Biomarker-based treatment is the goal of precision psychiatry. ALTO-100 was developed by ALTO Neuroscience (Mountain View, CA, USA) to treat MDD using brain biomarkers to identify patients who are most likely to respond to a specific drug. ALTO-100 is a small molecule and believed to work by increasing BDNF signaling and neuroplasticity in the hippocampus. To identify patients who are likely to respond to ALTO-100, the company used its AI-enabled biomarker platform to evaluate brain function biomarkers by analyzing EEG activity, neurocognitive assessments, wearable data, and other factors.

In a phase IIa open-label clinical trial (NCT05117632) , ALTO-100 showed favorable safety and tolerability in patients who had MDD with or without ongoing antidepressant treatment. Among the patients with a biomarker-defined cognitive profile, 61% of patients achieved a clinical response compared to 33% of patients without the biomarker. After six weeks of treatment, the biomarker-defined patient group achieved a 15.5-point mean reduction in MADRS scores compared to a 10.6-point reduction in the biomarker-negative cohort.

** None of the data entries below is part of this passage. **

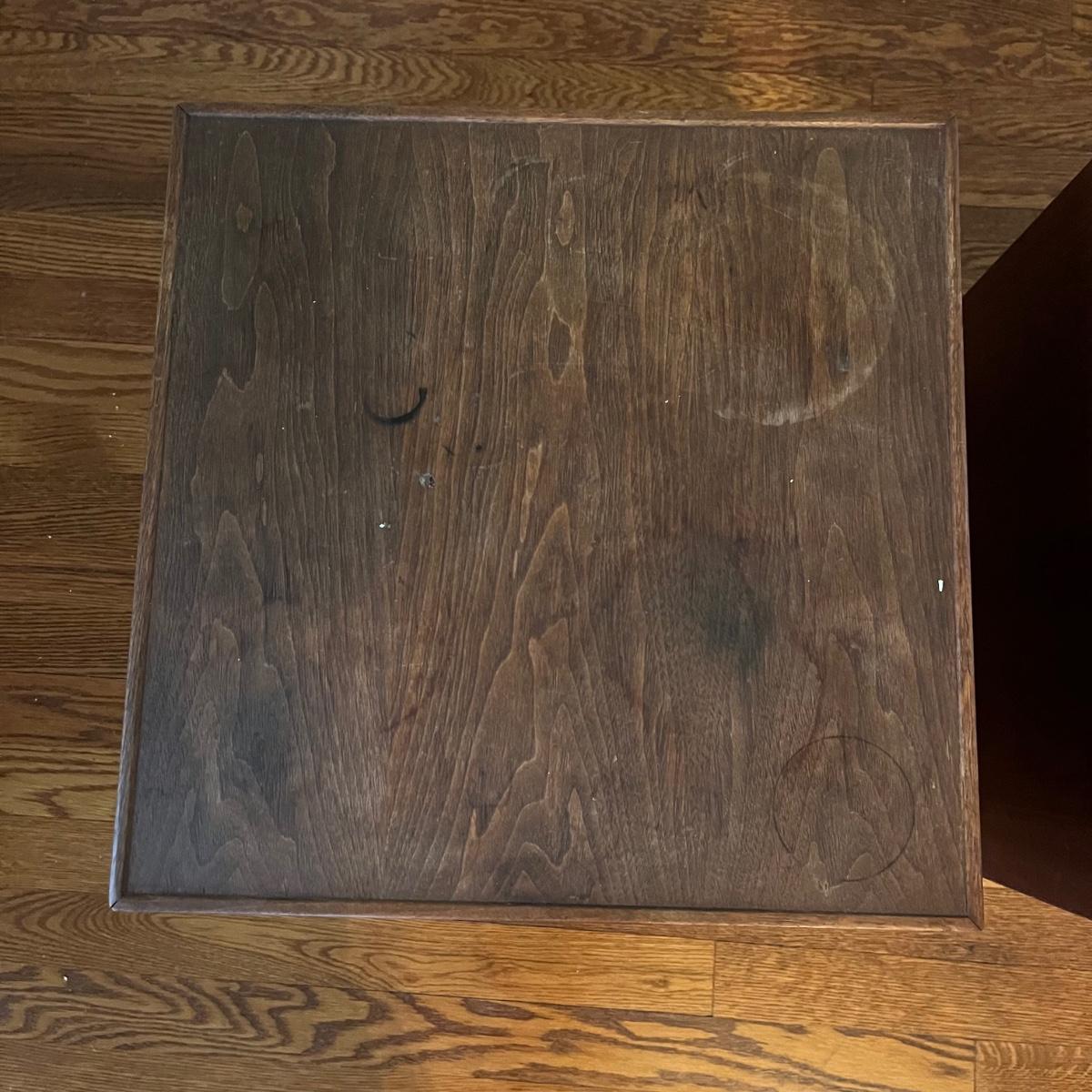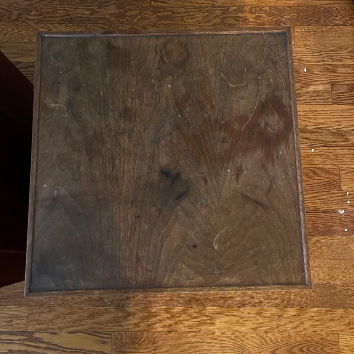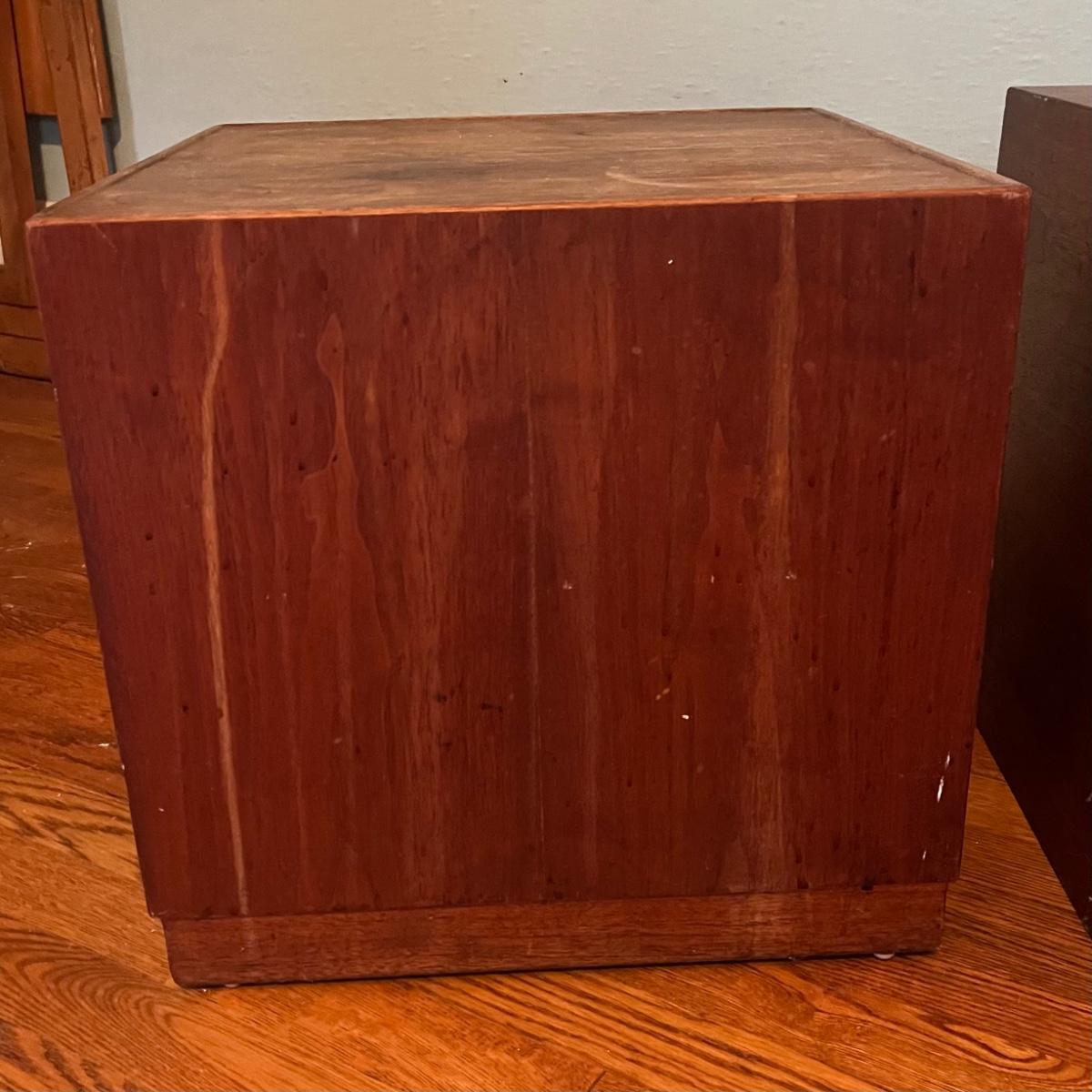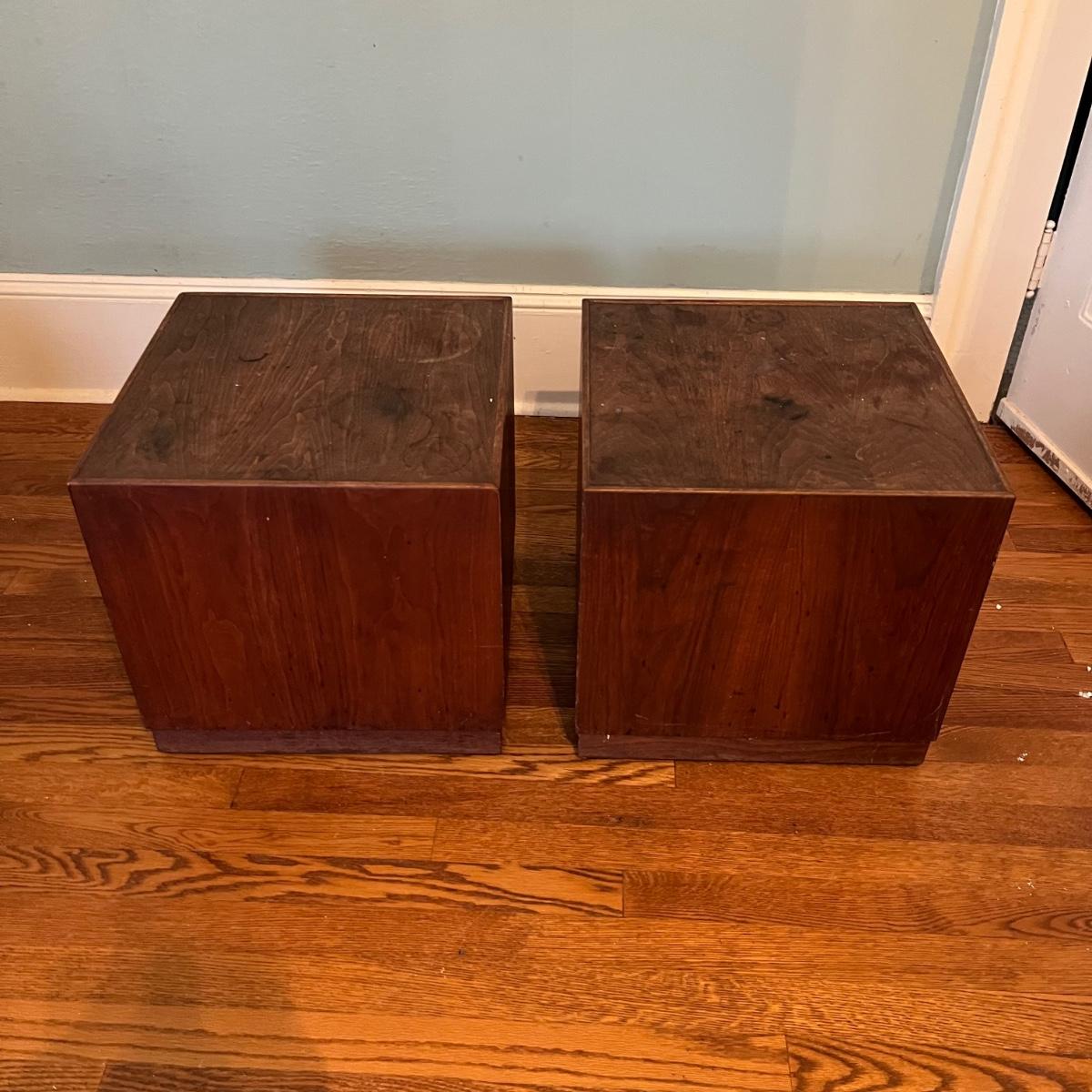 A pair of Mid-Century Modern wooden cube side tables. Measuring 16” x 16” x 15.5H. Hollow in the inside. Much wear.
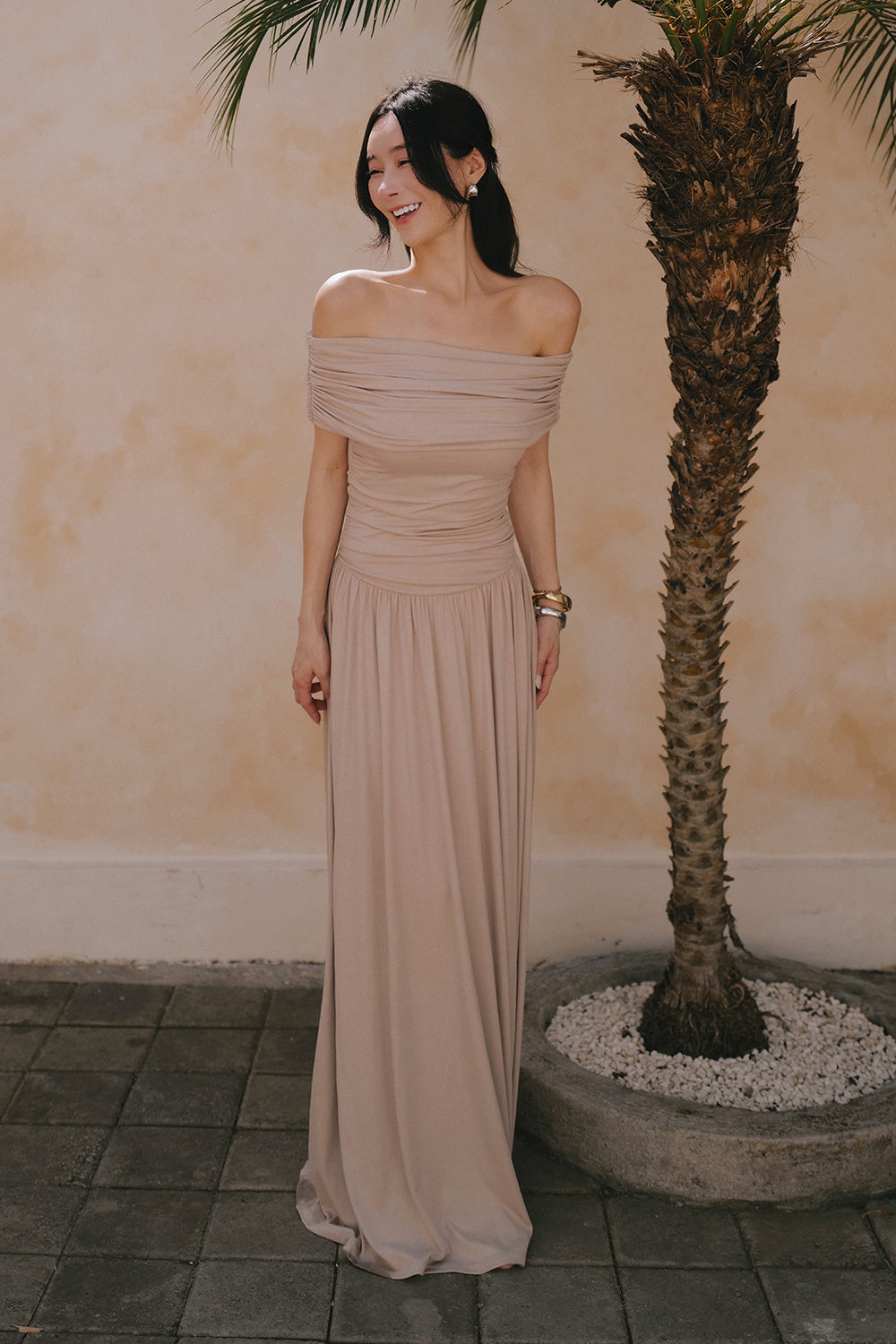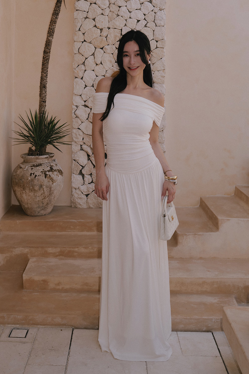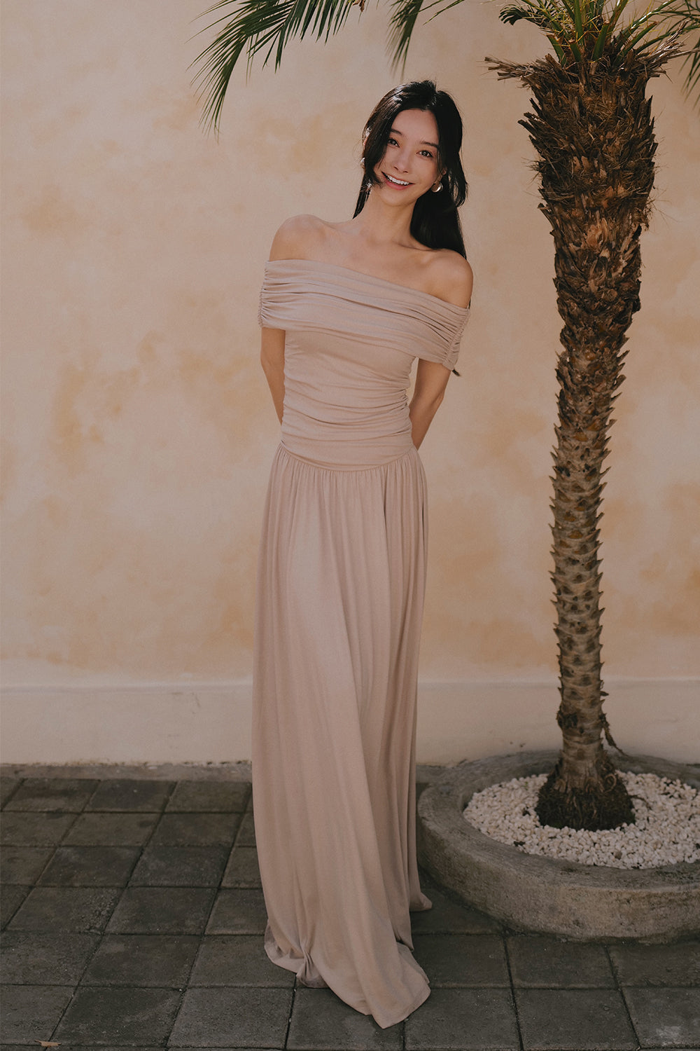 一字領皺皺襯墊長洋裝 Island Reverie Off-Shoulder Pleated Maxi Bra Dress
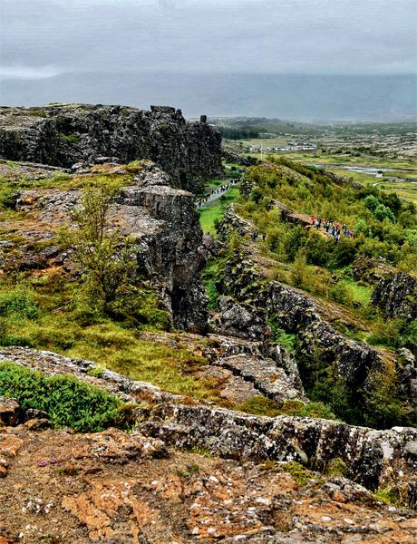 远古时期,美洲大陆与亚欧大陆都是很活跃的板块,它们在大西洋中缓慢移动,然后碰撞,碰撞到一起的地方形成一条椎骨般的中脊。中脊被挤压而隆出水面的部分,就是今天的冰岛。因此,冰岛在地壳运动史上便拥有一个特殊的位置,整个岛屿地处美洲大陆和亚欧大陆板块的交界处,是大西洋中脊沿线唯一暴露在海平面之上的土地。
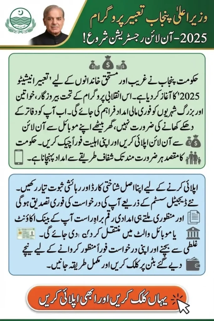 The CM Punjab Tabeer Initiative 2025 is a flagship program launched by the Punjab Government aimed at providing financial support to deserving citizens across the province. This initiative focuses on empowering low-income families and individuals, especially those facing economic challenges due to unemployment, medical emergencies, or social constraints. By introducing a transparent and efficient online system for applications, the Tabeer Initiative ensures timely assistance and promotes inclusivity in government welfare programs.
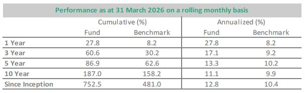 Launch dates: Balanced (01 October 2013), Equity (28 December 2015), Multi Asset Hedge (25 October 2007), Long Short Hedge (01 July 2008)Annualised performance since inception available on MDD’s found on website.*Annualised return is the weighted average compound growth rate over the period measuredIncome reinvested on ex-dividend date. The lowest and highest annualised performance numbers are based on 10 non-overlapping one-year periods or the number of non-overlapping one-year periods from inception where performance history does not exist for 10 years.
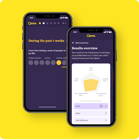Quan exists to demystify the world of well-being for both managers and teams by breaking down the science, increasing self-awareness and guiding them through steps designed to improve well-being in quantified ways.
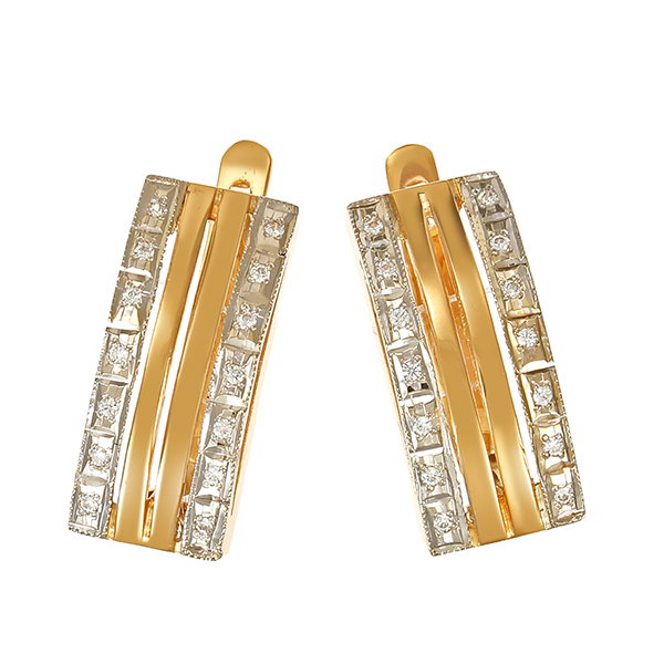 Steckhänger, 14K, Gelb-/Weißgold, Zirkonia

However, a large phase IIb randomized, double-blind, placebo-controlled, multicenter study (NCT05712187) of ALTO-100 in adults with MDD did not find a significant difference between ALTO-100 and placebo in reducing depressive symptoms after 6-week treatment (altoneuroscience.com). The future of ALTO-100 is unclear. ALTO Neuroscience has other compounds including ALTO-203 (NCT06391593) and ALTO-300 in development for treating MDD . ALTO-300 has been evaluated with three phase II studies (NCT05118750, NCT05157945, NCT05922878). Two of them (NCT05118750, NCT05157945) have been completed. The results from these phase II studies will provide insight into whether ALTO-300 can be developed for depressive disorders.